= Gordon Hendricks =

American historian (1917–1980)

Gordon Hendricks (1917-1980) was an American art and film historian.

In 1961 Hendricks published The Edison Motion Picture Myth in which he showed that it was not Thomas Alva Edison who should be attributed with the invention of the first device for cinema screenings, but in fact William Kennedy Laurie Dickson. The publication of Beginnings of the Biograph followed shortly after in 1964. In 1966, Hendricks published, The Kinetoscope. These books became milestones in the writing of film history. Hendricks was the first motion picture specialist to lecture in the Sunday series at the Metropolitan Museum of Art. He was the first to show motion pictures in the Great Hall at Cooper Union.

In 1975 he authored a work, republished in 2001, about Eadweard Muybridge, in which he called Muybridge the father of the cinema.

Hendricks then began a series on books on painters and photographers. He published works about Winslow Homer and Albert Bierstadt. He also published The Photographs of Thomas Eakins. He has 16 volumes of his writings in the Library of Congress.

At the time of his death, Hendricks was engaged in writing a book about the art of Thomas Cole.

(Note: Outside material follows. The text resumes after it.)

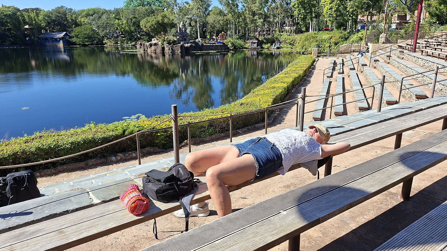 India wants to do Expedition Everest single rider, so Tam and I take a break in the outdoor theatre area that used to house the short lived nightime show. Tam takes this a bit too literally.

After his death Hendricks bequeathed two major collections to the Archives of American Art: one about Thomas Eakins, the other about film history.

== Works ==

- The Edison Motion Picture Myth. Berkeley: University of California Press, 1961. 216 pp.
- Beginnings of the Biograph: The Story of the Invention of the Mutoscope and the Biograph and their Supplying Camera. New York: Beginnings of the American Film, 1964. 78 pp.
- Thomas Eakins: His Photographic Works. [Preface by Hendricks.] Philadelphia: Pennsylvania Academy of the Fine Arts, 1969. 78 pp. The Photographs of Thomas Eakins. New York: Grossman Publishers, 1972. 214 pp.
- Albert Bierstadt, 1830-1902 : [exhibition catalog] September 15-October 10, 1972. New York: M. Knoedler [1972]. 26 pp.
- ABierstadt; an essay and catalogue to accompany a retrospective exhibition of the work of Albert Bierstadt. Fort Worth: Amon Carter Museum [1972]. 48 pp.
- Albert Bierstadt Painter of the American West. New York: H. N. Abrams [1974]. Published in association with the Amon Carter Museum of Western Art. 360 pp.
- The Life and Work of Thomas Eakins. New York: Grossman Publishers, 1974. 367 pp.
- Eadweard Muybridge: The Father of the Motion Picture. New York: Grossman Publishers, 1975. 271 pp.
- The Life and Work of Winslow Homer. New York: H. N. Abrams, 1979. 345 pp.